Can the practice of drinking alcohol be remotely helpful in any way? According to the University of Rochester scientists, the pattern of having alcohol like a drink or 2 each night or consuming weekend cocktails may have a major influence on heart health than the overall amount.
The research unfolded that modest everyday drinking like about 2 drinks per day for an entire week apparently reduced atherosclerosis in mice. Contrarily, binge drinking that equals to nearly 7 drinks a day twice a week seemed to elevate the chances of encountering this condition.
Lead study author John Cullen, Ph.D., research associate professor in the Department of Surgery at the University of Rochester Medical Center, commented, “People need to consider not only how much alcohol they drink, but the way in which they are drinking it. Research shows that people have yet to be convinced of the dangers of binge drinking to their health; we’re hoping our work changes that.
Professionals are yet not clear how moderate alcohol consumption can be advantageous to cardiovascular health and how severe drinking could be hazardous. As per the National Institute on Alcohol Abuse and Alcoholism, ‘at risk’ drinking is consuming more than 4 drinks on any given day for men and above 3 drinks on a day for women. The alcohol content of an average drink is also essential.

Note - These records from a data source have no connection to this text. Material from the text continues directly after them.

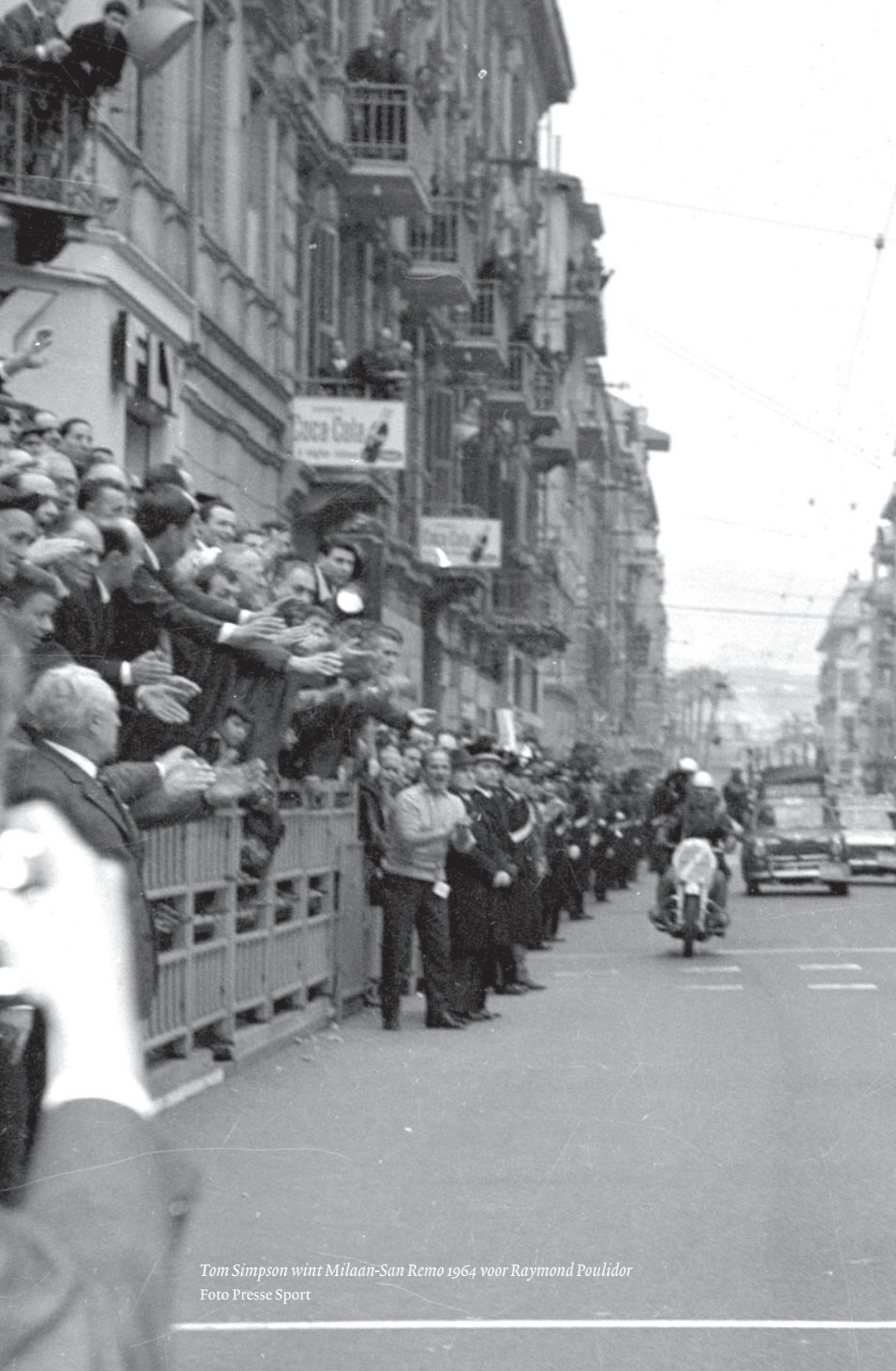
Tom Simpson wint Milaan-San Remo 1964 voor Raymond Poulidor
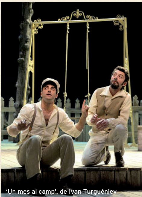
'Un mes al camp', de Ivan Turguéniev

Actor i director de referència en el teatre valencià de les últimes dècades.
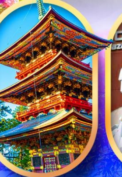
วัดนาริตะ-ซัน
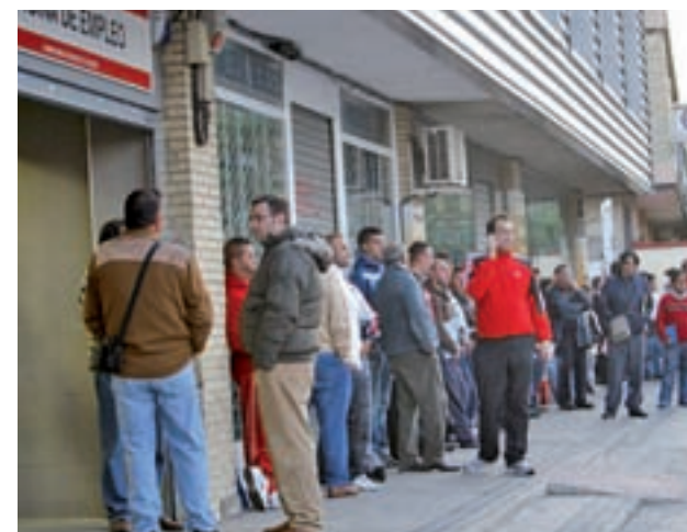
El número de parados subió en más de 52.000 personas

Por sectores, sólo se redujo en la construcción (-3.695 desempleados, -1,3%), y subió en el resto de sectores, principalmente en los servicios, donde el desempleo se incrementó en 43.219 personas (+1,9%). Le siguieron la agricultura (+9.301 parados, +6,6%), la industria (+2.821, +1%) y el colectivo sin empleo anterior (+548, +0,2%).
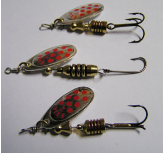
Tipos de cucharillas giratorias (de arriba abajo): tradicional, de un anzuelo sin muerte y tradicional modificada para pescar sin muerte Ramiro Asensio

© Prohibida la reproducción total o parcial sin consentimiento expreso del autor (info@ftpa.es)
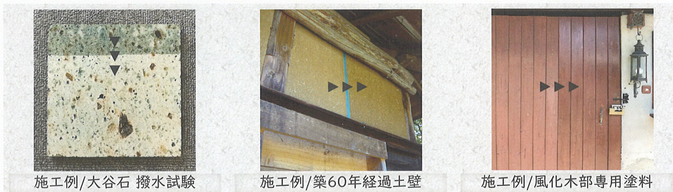
施工例/大谷石 撥水試験
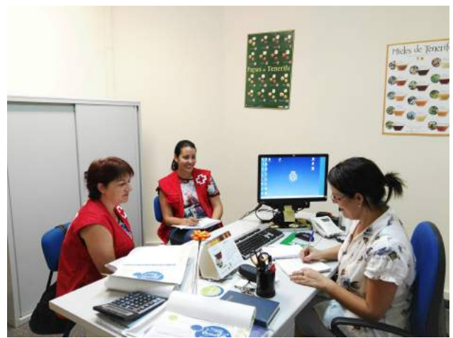
Presentación del proyecto en Guía de Isora

El equipo de prospección del área metropolitana continúa generando sinergias con la Federación de Áreas Urbanas de Canarias (Fauca).
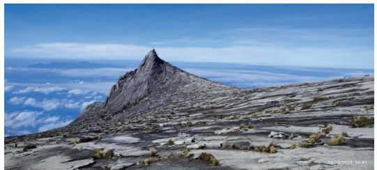
圖11 京那巴魯聯合國教科文組織世界地質公園
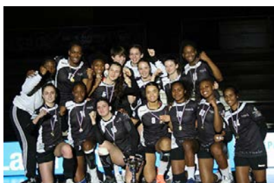
Pôle Centre Val de Loire #1

Cullen suggests that doctors should keep a tab on the amount of alcohol a person consumes specifically for those who are more vulnerable to atherosclerosis. In this analysis, mice in the ‘daily moderate’ set were administered ethanol equivalent to 2 drinks on an everyday basis. Mice in the weekend binge group were given 7 drinks for 2 days in the week and those in the control group received a non-alcoholic cornstarch mix. All mice were exposed to an atherogenic diet that is similar to high-fat Western diet.

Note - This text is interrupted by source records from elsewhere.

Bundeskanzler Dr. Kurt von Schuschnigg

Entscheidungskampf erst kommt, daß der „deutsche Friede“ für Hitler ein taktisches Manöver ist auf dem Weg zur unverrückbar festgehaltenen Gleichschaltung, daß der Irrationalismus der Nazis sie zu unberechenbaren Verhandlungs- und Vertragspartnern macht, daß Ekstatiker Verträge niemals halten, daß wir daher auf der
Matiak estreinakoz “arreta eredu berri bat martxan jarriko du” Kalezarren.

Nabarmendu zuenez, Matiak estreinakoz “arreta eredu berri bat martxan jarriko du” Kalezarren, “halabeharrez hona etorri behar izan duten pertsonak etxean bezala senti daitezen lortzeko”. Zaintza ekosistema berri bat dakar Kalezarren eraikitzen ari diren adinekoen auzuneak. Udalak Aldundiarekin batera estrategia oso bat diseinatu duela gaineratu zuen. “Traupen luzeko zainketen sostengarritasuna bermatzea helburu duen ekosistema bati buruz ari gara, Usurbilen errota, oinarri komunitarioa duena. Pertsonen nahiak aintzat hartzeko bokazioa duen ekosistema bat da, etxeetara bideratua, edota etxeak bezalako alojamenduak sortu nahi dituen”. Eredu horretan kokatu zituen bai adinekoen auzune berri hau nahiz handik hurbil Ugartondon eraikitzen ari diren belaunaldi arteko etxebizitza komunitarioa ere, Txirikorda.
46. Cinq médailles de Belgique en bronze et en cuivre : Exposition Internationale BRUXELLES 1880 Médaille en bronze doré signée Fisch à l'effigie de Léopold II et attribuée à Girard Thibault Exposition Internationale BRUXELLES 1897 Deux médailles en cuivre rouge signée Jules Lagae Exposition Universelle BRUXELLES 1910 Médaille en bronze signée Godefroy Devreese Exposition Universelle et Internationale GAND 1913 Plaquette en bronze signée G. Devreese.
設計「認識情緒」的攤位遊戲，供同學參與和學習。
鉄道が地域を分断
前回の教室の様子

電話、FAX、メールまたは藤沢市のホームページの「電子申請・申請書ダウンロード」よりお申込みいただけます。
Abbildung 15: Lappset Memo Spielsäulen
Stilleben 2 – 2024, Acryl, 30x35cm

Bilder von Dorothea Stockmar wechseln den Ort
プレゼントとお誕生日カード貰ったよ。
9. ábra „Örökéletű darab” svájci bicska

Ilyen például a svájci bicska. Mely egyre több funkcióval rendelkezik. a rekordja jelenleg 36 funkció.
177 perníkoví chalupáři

Proportions of LDL or bad cholesterol dropped by 40% in the daily-moderate drinking mice, but increased by 20% in the weekend-binge drinking mice, when pitted against the no-alcohol control group. Elevated levels of bad cholesterol tend to raise the risk of heart disease. Strikingly, levels of HDL or good cholesterol were boosted in the moderate as well as the binge drinking groups. Cullen believes it to be an acute or short-term effect.
Additionally, the density of plaque and the collection of immune cells that stimulate inflammation and subsequently lead to narrowing of arteries seemed to reduce in moderate mice than those which did not consume alcohol. This influence appeared to be the exact opposite in binge mice as both the aforesaid levels went up.
Notably, binge drinking mice seemingly put on more weight than the other sets. All mice in the study had the same weight initially and were given the same diet, but binge mice presumably gained more than thrice the body mass of the moderate mice and nearly twice as much as the control mice. Cullen is further examining if certain genes are associated with the effects of moderate or binge drinking phases.
The findings are published in the journal Atherosclerosis.